Права на публикацию книги в 2020 году у меня купило американское издательство. Когда, до войны еще, я спросил у своих издателей, выйдет ли моя книга в России, они ответили, что они публикуют литературу уже 35 лет и все это время предлагают на международных ярмарках книги своих авторов. И российские издательские дома периодически их книги с удовольствием покупают. Вот только ни разу за 35 лет их деятельности российские издательства не купили ни одной книги, где был хотя бы один герой нетрадиционной ориентации. То есть в Росси нас старательно стирают с листа бумаги, с лица земли...
– Интересна ли Западу история гея из российской провинции? Есть ли уже отзывы на книгу?
– Я не представляю свою книгу как историю гея из российской провинции. Лишь одна глава второй части повествует о любовных отношениях героя с одноклассником. Мальчики не то чтобы показывают специально или "пропагандируют" свою любовь, но, когда их окружают на улицах, загоняют в темный угол подворотни и пытают: "Вы что п****ы? Вы что, вместе?", они отвечают: "Да". Вранье им кажется унизительным – и для их чувства собственного достоинства, и для их отношений.
Соответственно, регулярно происходят столкновения с не принимающим их обществом. Мне, как и Алексею Морозову из моего романа, учитель ОБЖ рассказывал на уроках не о том, что делать во время пожара или землетрясения, а о том, как опасен этот "порок" и как нужно оберегать общество от ЛГБТэшников. Вы можете себе представить, что творилось после подобных уроков...
Относительно отзывов на роман... Книга вышла всего месяц назад. За это время меня пригласили на литературную конференцию в Сиэтле в США. Там в три дня разобрали все мои книги. Две недели назад у меня была презентация в Лондоне в книжном магазине. Читателей было столько, что некоторым пришлось сидеть на полу или стоять в дверях. При этом ни я, ни издатель не вкладывали деньги в рекламу.
У романа уже есть несколько положительных отзывов критиков и других писателей, таких как Стивен Фрай, Оушен Вуонг. Американский писатель Эдмунд Уайт написал, к примеру, что благодаря мне лучше узнал современную Россию. Ему 83 года, для него распад СССР, окончание гонки вооружений, холодной войны – это праздник. И он удивился, что для России 1990-е были очень тяжелым периодом.
Читатели пишут мне и напрямую. Например, человек из американского штата Теннесси поблагодарил за то, что я описал в том числе и его историю. Я удивился, спросил его, что же он нашел общего с историей Алексея? Он указал на все те же переживания по поводу своей непохожести, несоответствия нормам.

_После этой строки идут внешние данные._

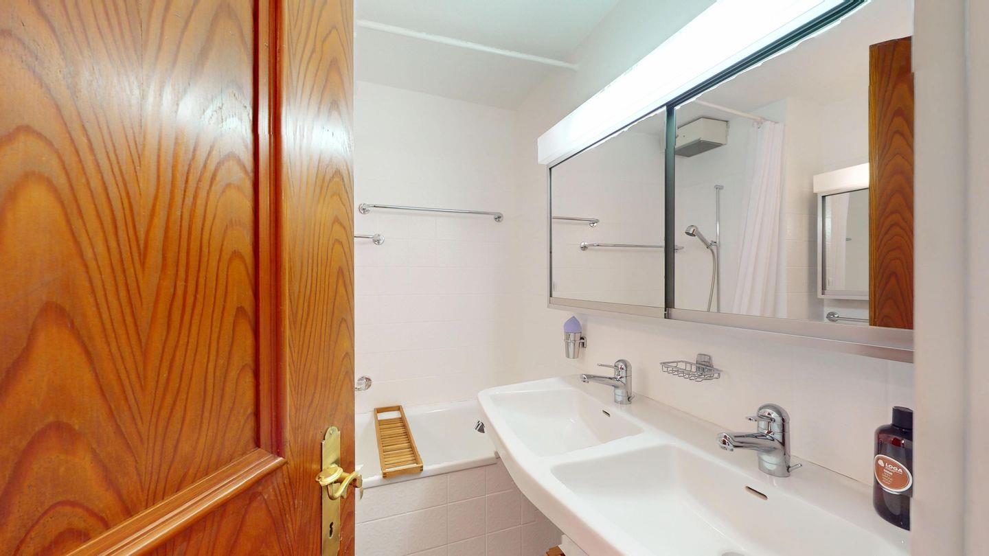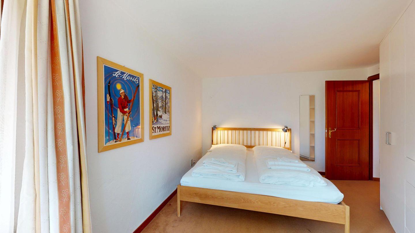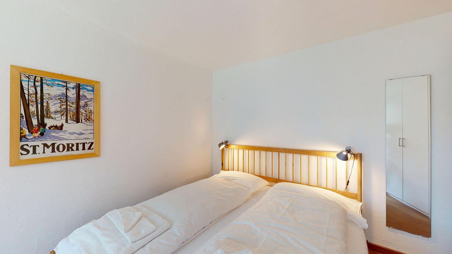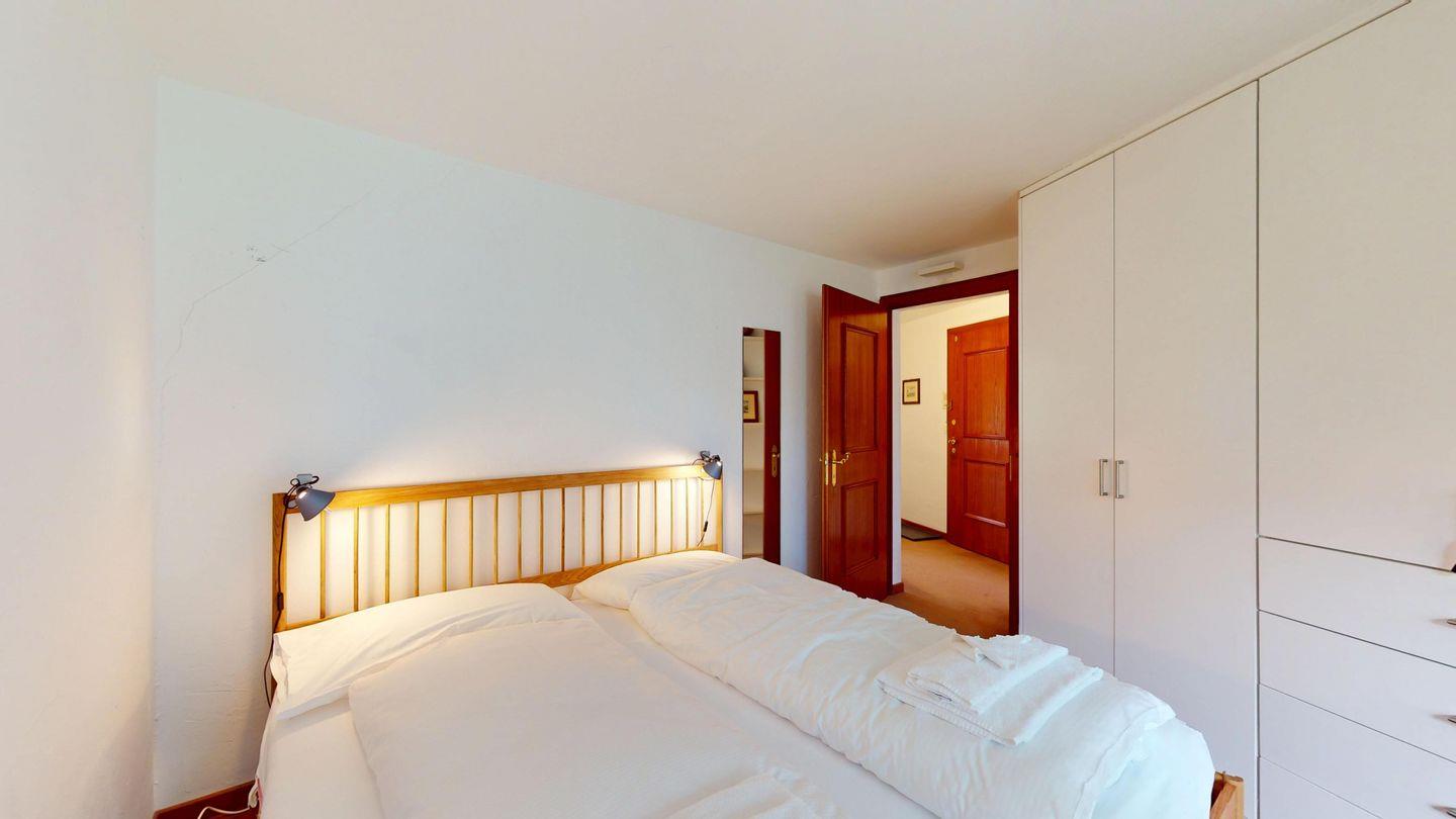 2½ Zimmerwohnung mit ca. 60 m² im 1. Stock mit Aufzug. Eingang mit Garderobe, Wohn- / Essbereich, Ausgang zu einem kleinen Balkon mit Blick auf die Berge. Fernsehen und Internet. Kleine separate Küche mit Backofen, Kühlschrank, Kaffeemaschine und Geschirrspüler. Schlafzimmer mit Doppelbett. Badezimmer mit Badewanne, Waschbecken und Bidet. Ein Garagenparkplatz (190cm hoch). Waschküche und Skiraum.

– Ваш герой долго терпит, переживает, а потом просто понимает, что единственный выход для него – это бежать из страны. В вашей жизни была ситуация, после которой стало ясно, что надо уезжать?
– Да, в моей жизни была последняя капля. Это попытка проведения гей-парада в Москве, кажется, в мае 2011-го. Пара десятков людей в костюмах (не в купальниках, не в эпатажных нарядах, а в обычной одежде) вышли на улицу столицы с требованиями соблюдения своих гражданских прав, где их встретила компания из скинхедов, представителей РПЦ и полиции. Участников парада избили, не стесняясь камер и журналистов. Я смотрел эти видео на YouTube, сидя в своей комнатке в Кемерове, и просто трясся от горечи, обиды, от слез. Помню, как я обсуждал эту бойню со своими коллегами-журналистами и друзьями, а мне отвечали: "Активисты сами нарвались. Зачем было выходить, провоцировать?!"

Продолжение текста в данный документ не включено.